People go above and beyond for their jobs every day, but I am willing to bet teachers are the BEST at doing absolutely EVERYTHING they possibly can to make to make their jobs work. Sometimes we may come across as a little nutty, but it is because we are absolutely devoted to our jobs. I mean, why else would we teach? Sanity is overrated. Here are a few times that I looked a little crazy in the line of teaching…
1. I wear all black on test days, but that is not the worst of it. I have three preps, and I laugh at my students trying to figure out if theirs is the class with the test.
2. I hoard school supplies. (It’s not an exaggeration)
3. I have twenty different mugs from various students over the years but only drink out of the one I bought the day I first started teaching.
4. Speaking of coffee, each of my classes has a student that knows how to make my coffee, and I send them to the office to make it for me.
5. I am covered in various shades of pens and expo markers.
6. I have literally pushed my husband away when it tried to kiss me on school campus because I have to be an example.

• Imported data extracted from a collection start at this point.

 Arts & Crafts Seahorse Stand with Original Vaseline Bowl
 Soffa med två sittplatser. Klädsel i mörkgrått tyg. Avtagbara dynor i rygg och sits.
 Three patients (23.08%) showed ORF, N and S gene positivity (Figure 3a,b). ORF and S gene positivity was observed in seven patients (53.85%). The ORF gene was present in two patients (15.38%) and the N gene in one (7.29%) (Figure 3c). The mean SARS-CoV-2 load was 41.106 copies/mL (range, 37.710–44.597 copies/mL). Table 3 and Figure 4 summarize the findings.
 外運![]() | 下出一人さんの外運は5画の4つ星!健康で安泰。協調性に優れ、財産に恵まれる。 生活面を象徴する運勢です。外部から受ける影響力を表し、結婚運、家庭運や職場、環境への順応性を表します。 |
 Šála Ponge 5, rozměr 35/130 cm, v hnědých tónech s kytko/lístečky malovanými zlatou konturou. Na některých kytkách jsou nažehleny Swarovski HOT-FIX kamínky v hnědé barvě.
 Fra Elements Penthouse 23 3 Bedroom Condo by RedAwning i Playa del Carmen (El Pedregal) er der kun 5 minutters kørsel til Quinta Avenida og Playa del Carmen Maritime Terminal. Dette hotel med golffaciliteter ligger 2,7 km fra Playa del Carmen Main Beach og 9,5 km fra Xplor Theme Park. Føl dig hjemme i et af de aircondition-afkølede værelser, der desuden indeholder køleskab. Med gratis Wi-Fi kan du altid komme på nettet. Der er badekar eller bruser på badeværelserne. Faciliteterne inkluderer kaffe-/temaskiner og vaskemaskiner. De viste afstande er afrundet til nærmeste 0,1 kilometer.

I am covered in various shades of pens and expo markers. Click To Tweet
7. My entire wardrobe is school colors, and everything is too big because I teach teenagers.

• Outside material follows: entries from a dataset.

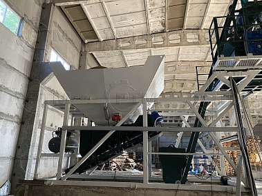 6. Выгрузка смеси: После завершения смешивания бетонная смесь выгружается из бетоносмесителя, лопатки расположены таким образом, чтобы при вращении они выгружали бетонную смесь из бетоносмесителя. Далее смесь поступает в миксер или на технологическую линию изготовления бетонных изделий.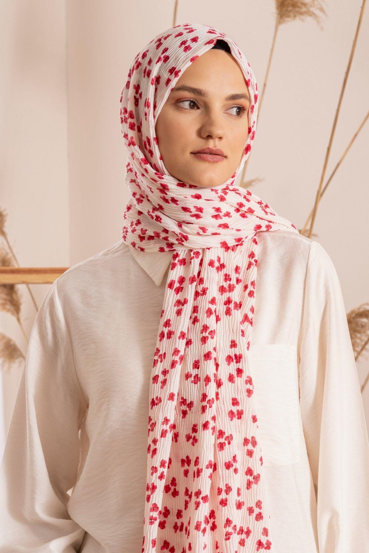 Kadın Çiçek Desenli Kırışmaz Bürümcük Şal 190*80 Cm KREM FUŞYA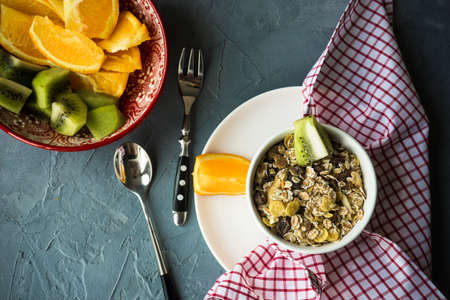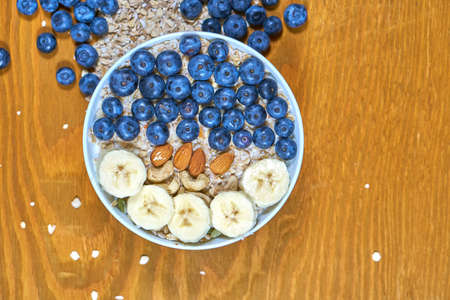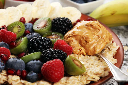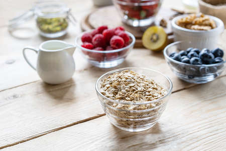 Healthy breakfast concept with oat flakes, fruits, nuts, berries, seeds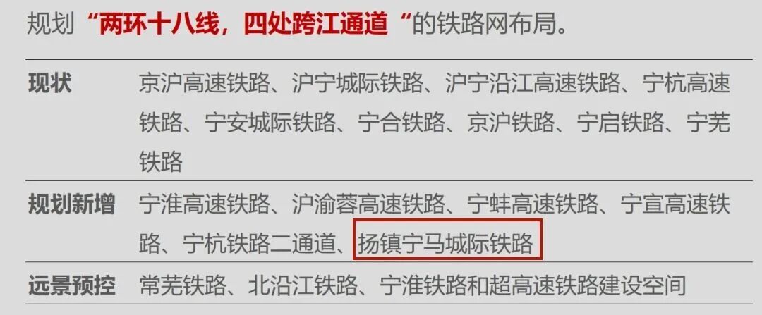 宁杭铁路二通道、扬镇宁马城际铁路等
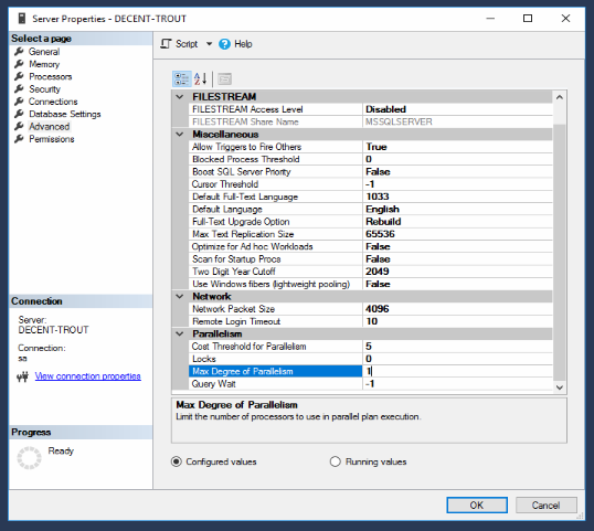 *мы рекомендуем отключать параллелизм для OLTP-нагрузки (оперативный учет у нас всегда OLTP).

8. I have at least three different pairs of shoes in my room: Flip-flops to teach in, black ballet shoes in case of observation, and heels in case someone from the central office or school board appears on campus.
9. I have stood in ice for thirty minutes for the coolest teacher award because I refused to lose to a coach.
10. I use slang terms at completely inappropriate times.
11. I have kicked and cussed the copy machine once or twice. Okay, at least seven… this school year.
12. I take notes at the faculty meetings because if I don’t, I will drift off into wonderland.
13. I had trouble naming my son because I did not want to name him after a student I taught and by the time I had him I taught at least 500 students. It was an intense time in my household.
14. I can recite “The Raven” from memory.
15. I still cry at the endings of The Great Gatsby and The Crucible even though I have taught each of them at least twenty times.
16. I turn off my lights, lock the door of my classroom, and hide under my desk so I can have fifteen minutes of peace while I read a book by flashlight.
17. Once one of my homecoming girls broke a heel as they were walking to be presented so, I gave her my shoes, and I had to walk on the track, barefooted in front of the entire football stadium.
18. I have been kicked out of a home improvement store for taking too many paint chips. ( I use them for various projects besides they are free…)
19. I have shredded a stack of papers that had no name on them in front of my students to teach a lesson. (The papers were from the year before, but every paper after that had a name on it).
20. If students “shoot” paper in my class, I take off five points if they make it and ten points of they miss it.
21. I practice my lessons in the car on the way to school. Yes, I lecture to myself.
22. I have to consciously think about what I am going to say to make sure it cannot be twisted into some perverted way. Again, teenagers. Sigh*
23. I always look like a “hot mess.” My hair is wild, mascara is smeared, I have non-existent lipstick, my clothes may or may not match and have one or two coffee stains. If I am dressed up, my students assume something is wrong- I mean shouldn’t that be switched?
I love my job, and I love that I can act crazy. Not everyone can act over the top every day, so I take complete advantage of it. Remember not everyone has the chance to do what they love. Act crazy, goofy and ga-ga over your career; the kids will love you for it, and it is all about them.